Work to be completed -
Strip out all images, then restate the data verbatim.

Collected data -
━━━━━━━━━━

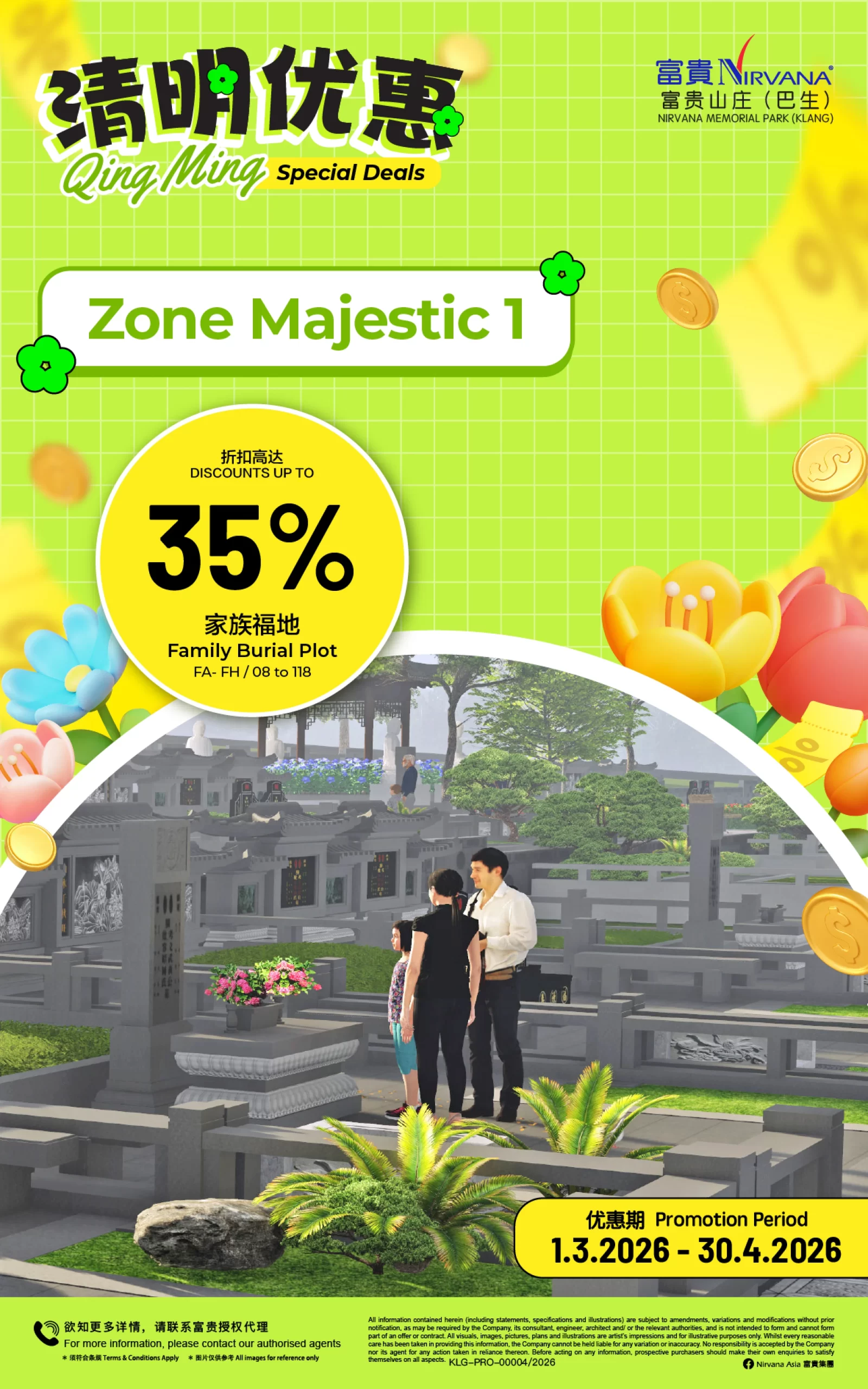 Nirvana Memorial Garden comes with a variety of burial plot choices. Family plot, Double plots, Single plots, all featuring different tomb designs located at good Fengshui land.
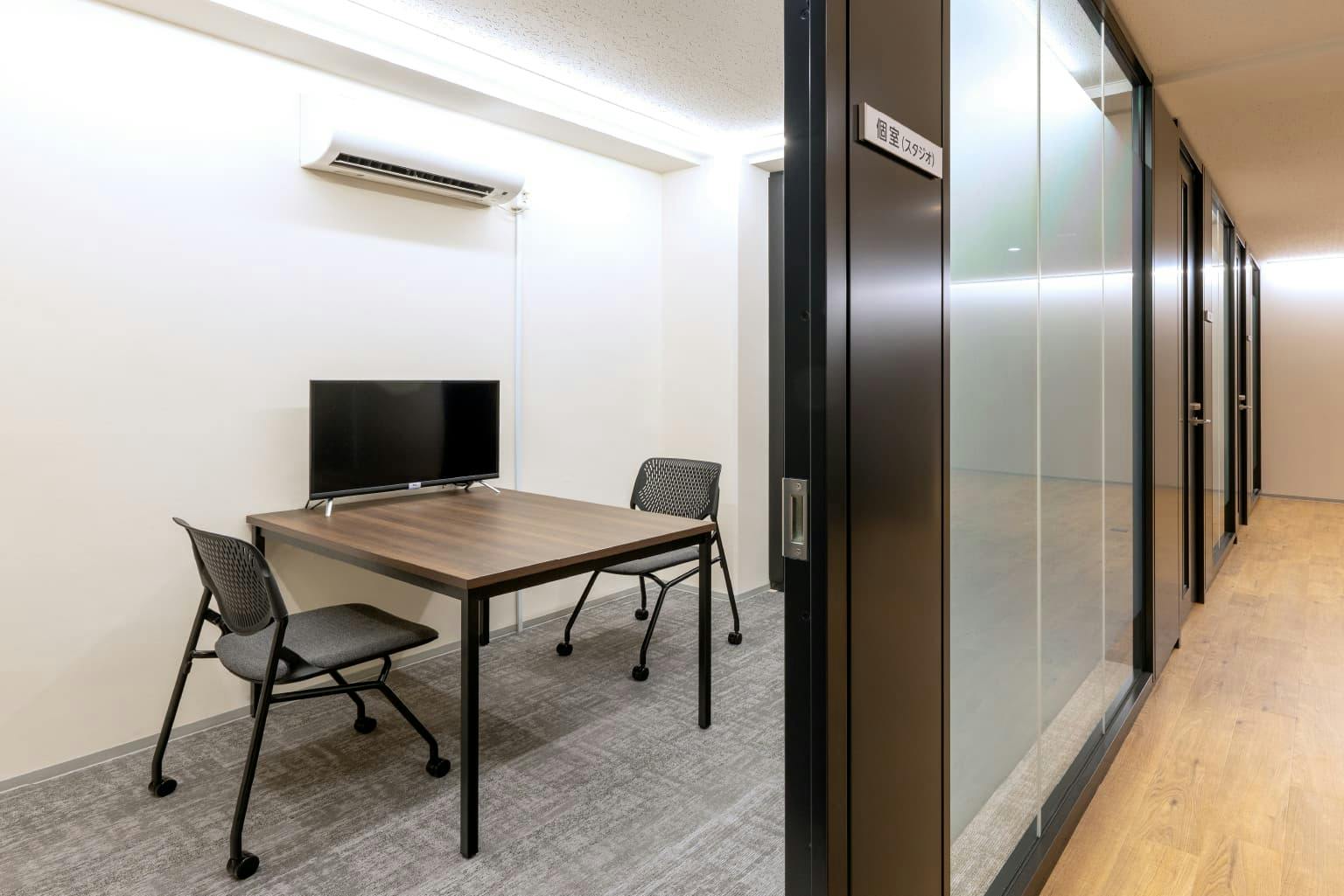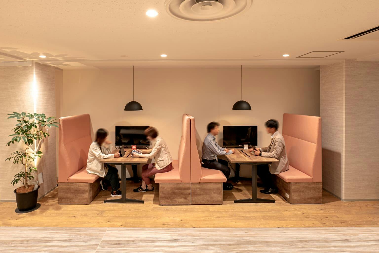 適度に囲われ感のあるソロワーク席は、外部からの刺激を減らし集中力を高めてくれるとっておきの場所。 アイデアに磨きをかけたり深い思考が求められる作業にぴったりです。 ファミレスブースではチームが集まり、テーブルに広げられた資料やディスプレイを見ながら、プロジェクトの進捗状況や課題について報告し合うシーンも。 プライバシーを保つ必要がある1on1や、静かな環境が求められるようなお客様とのオンライン打合せでは、3つ並んだ個室が活用されています。 人数やシチュエーションによって適切な集中空間を使い分けできるようになっています。
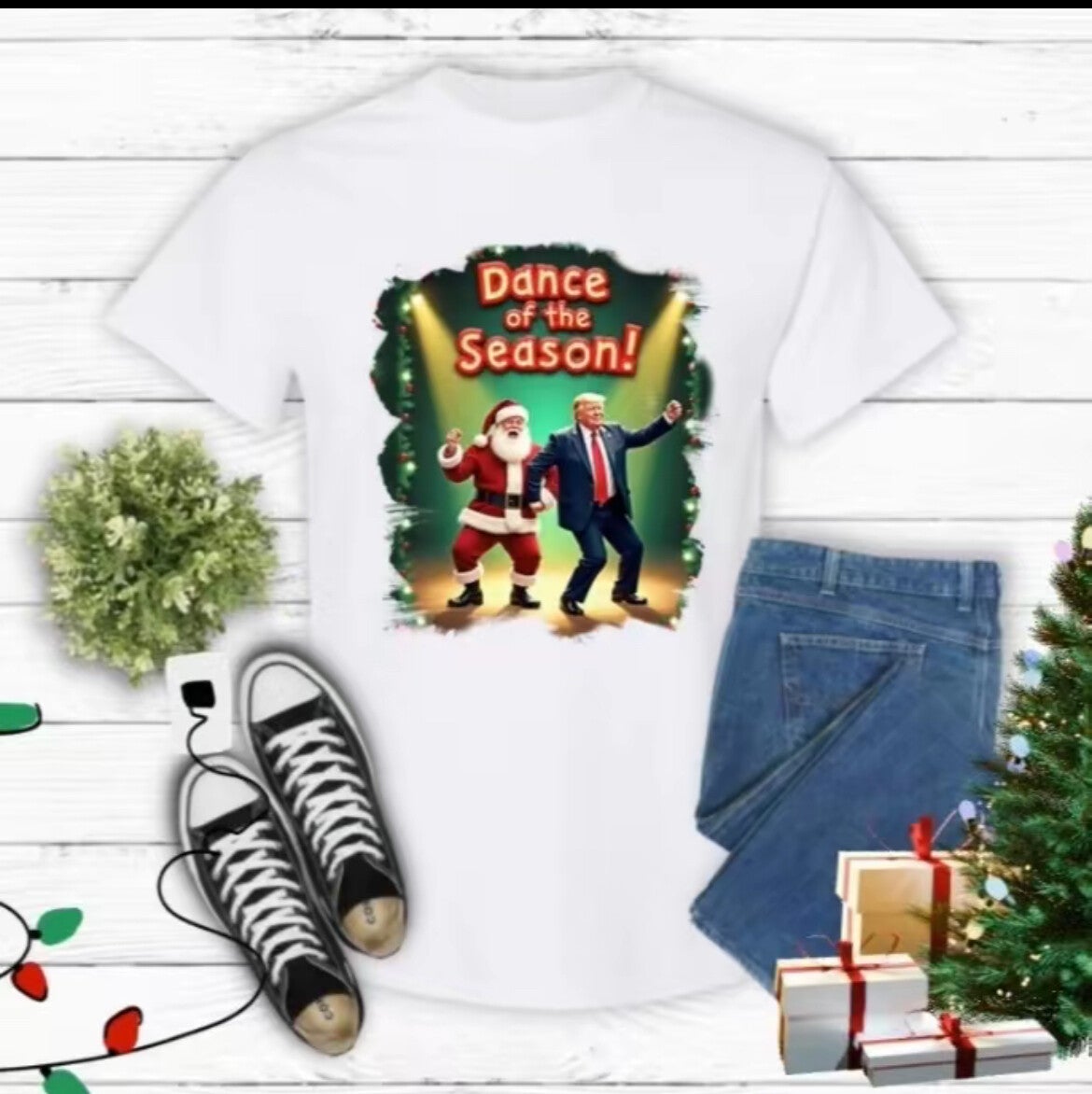 Dance Of the Season with Santa And Trump on a Gildan T-Shirt.
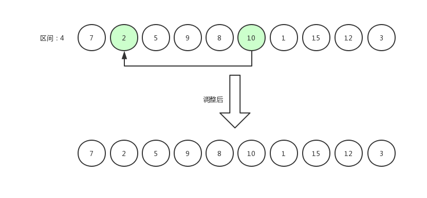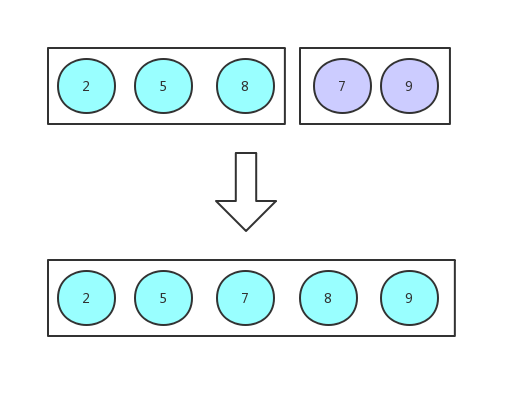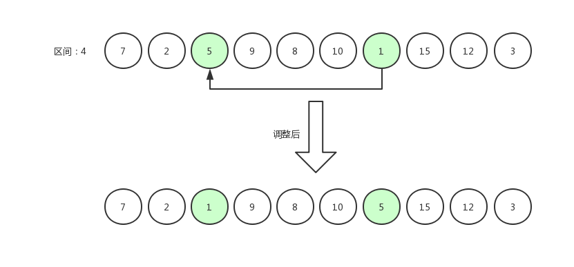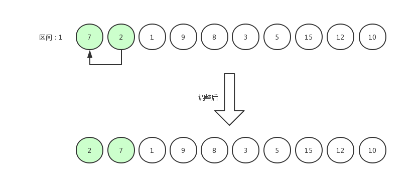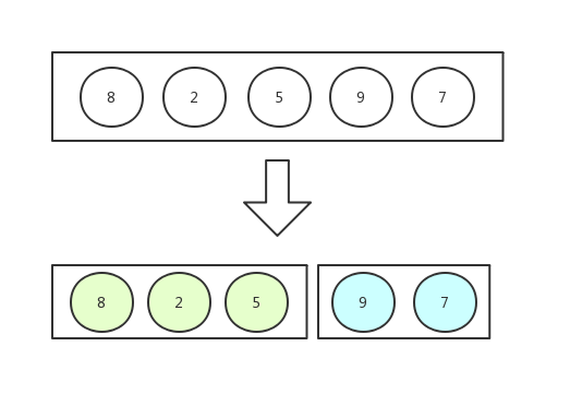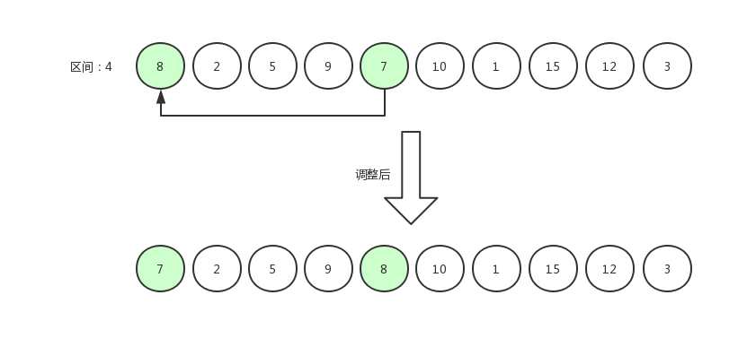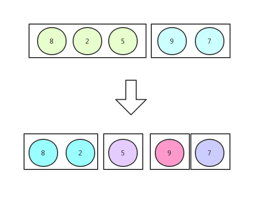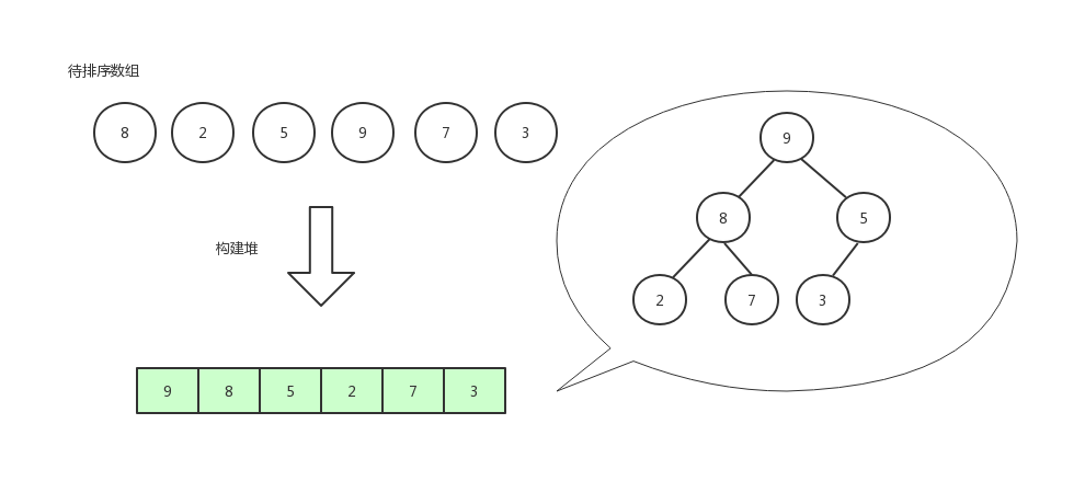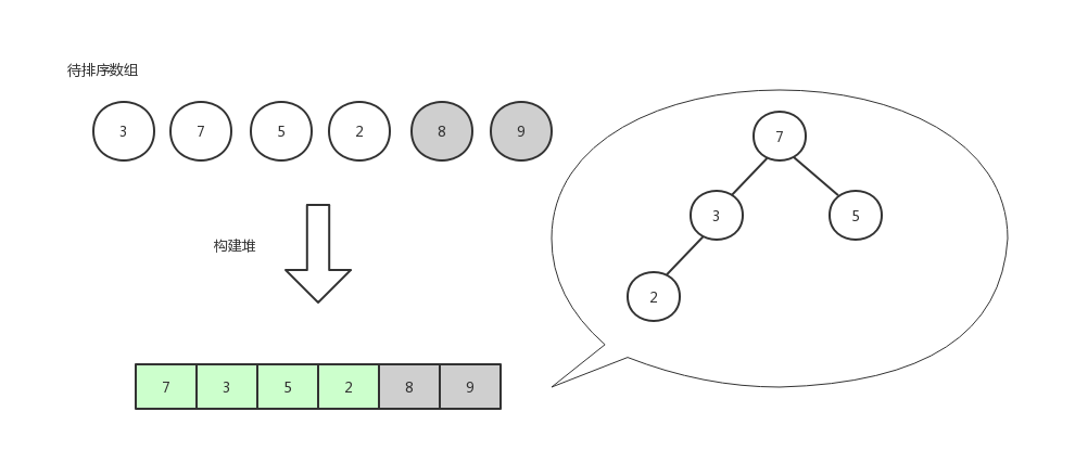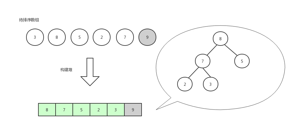 以 [ 8,2,5,9,7 ] 这组数字来做示例,上图来战:

━━━━━━━━━━

Response to the exercise -
 Nirvana Memorial Garden comes with a variety of burial plot choices. Family plot, Double plots, Single plots, all featuring different tomb designs located at good Fengshui land.
 適度に囲われ感のあるソロワーク席は、外部からの刺激を減らし集中力を高めてくれるとっておきの場所。 アイデアに磨きをかけたり深い思考が求められる作業にぴったりです。 ファミレスブースではチームが集まり、テーブルに広げられた資料やディスプレイを見ながら、プロジェクトの進捗状況や課題について報告し合うシーンも。 プライバシーを保つ必要がある1on1や、静かな環境が求められるようなお客様とのオンライン打合せでは、3つ並んだ個室が活用されています。 人数やシチュエーションによって適切な集中空間を使い分けできるようになっています。
 Dance Of the Season with Santa And Trump on a Gildan T-Shirt.
 以 [ 8,2,5,9,7 ] 这组数字来做示例,上图来战:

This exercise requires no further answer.